To be more concrete, let's take the example of a person of a culture. We often insist nowadays on cultural identity, for instance national identity, linguistic identity and so on and so forth and sometimes the struggles under the banner of cultural identity, national identity, linguistic identity are noble fights, but at the same time if the people who fight for their identity don't pay attention that the identity is not the self-identity of a thing - a glass for instance, or this microphone - but implies a difference within the identity, that is, the identity of a culture is a way of being different from itself... a culture is different from itself, a language is different from itself, a person is different from itself; once you take into account this inner and other difference, then you refer, you pay attention to the other and you understand that fighting for your own identity is not exclusive of another identity, it is open to the identity of the other and it prevents totalitarianism, nationalism, ethnocentrism and so on and so forth. That is what I tried to demonstrate in a book called The Other Heading, that the identity in the case of cultures, persons, nations, languages is a set different item, it is identity as différance from itself, that is, within an opening within itself, a gap within itself. That's not only a fact, a structure, but it's a duty, it's an ethical and political duty to take into account this impossibility of unifying, of being one with oneself. It is because I am not one with myself that I can speak for the other, that I can address the other, which is not a way of avoiding responsibility; on the contrary, it is the only way for me to take responsibility and to make decisions... [One] recurrent critique of deconstructive questions has to do with the privilege Heidegger grants to what he calls, for example, this gathering; gathering is always more powerful than dissociation. I would say exactly the opposite. Once you grant some privilege to gathering and not to dissociating then you leave no room for the other, for the radical otherness of the other, for the radical similarity of the other. I think that separation, dissociation is not an obstacle to society or to community, it is the condition.
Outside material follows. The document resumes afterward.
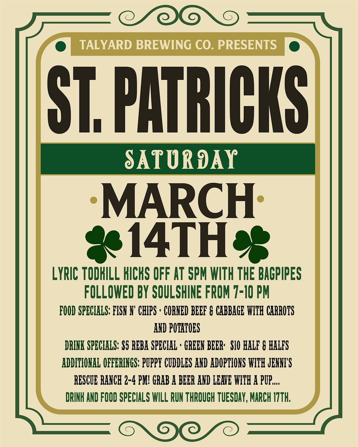 Lyric Todkill kicks things off at 5 PM with the bagpipes, followed by SOULSHINE from 7–10 PM.

This dissociation, the separation is the condition of my relation to the other. I can address the other only to the extent that there is a separation, there is a dissociation, that the other is not the other, that I cannot replace the other and vice versa. That's what some French-speaking philosophers such as Blanchot and Levinas call the rapport sans rapport, relationless relation... that's the structure of my relation to the other; it's a relation without relation - it's a relation in which the other remains absolutely transcendent. I can't reach the other, I cannot know the other from the inside. That is not an obstacle, that is the condition of love, of friendship - of war too - it's a condition of the relation to the other. This dissociation is the condition of community, the condition of any unity as such. So a state - to come back to the state - a state in which there will be only 'unum' will be a terrible catastrophe, and we have unfortunately had a number of such experiences. So a state without 'pluribus', without plurality and the respect for plurality, would be first either a totalitarian state... it's a terrible thing, it doesn't work, we know that it doesn't work, it's a terrible thing and doesn't work; and finally it wouldn't even be a state, it would be like... a what... a stone, if you like, a rock. So a state as such must be attentive as much as possible to the plurality... of what... of people, languages, cultures, ethnic groups, persons and so on and so forth, and that's the condition for a state.